You can't determine a tube's bias by its glow. Unless it's red platting, but that's a different scenario.


----------



## KnightBrolaire (Aug 1, 2019)

>buys 4000$ amp
>doesn't know how to bias it
lmaoooo


----------



## narad (Aug 1, 2019)

If it's $4000 it should bias itself. (Seriously, Carol-Anns v3s do this and are like < $2k most of the time).


----------



## FourT6and2 (Aug 1, 2019)

narad said:


> Did you check your bias yet? The thing turning me off about that amp is like there's basically one real guy who's bought it and talked about it, and his tubes were crazy unbalanced, and weirdly enough he claimed to have better sound like that than with other tubes running in-spec.

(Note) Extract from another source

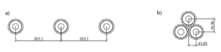 The short-circuit impedance is also dependent upon the formation of phase cables within the cable line. Simulations were carried out for both the flat and trefoil cable formations. The simulations used the same return conductor earth resistance (5 Ω) and transition resistance (5 Ω) as the previous simulations. For these simulations we only considered use of the CB system. Fig. 5 depicts the flat and trefoil cable formations.

That was me. I put in new tubes that bias up fine and are matched. But yes, the amp definitely sounded better with the crazy mismatch. On paper, enough of a mismatch and the poweramp won't cancel 2nd order harmonics as much. So that might be what I was hearing. But if you run tubes mismatched that drastically it can, possibly, lead to magnetizing the output transformer—or so I'm told.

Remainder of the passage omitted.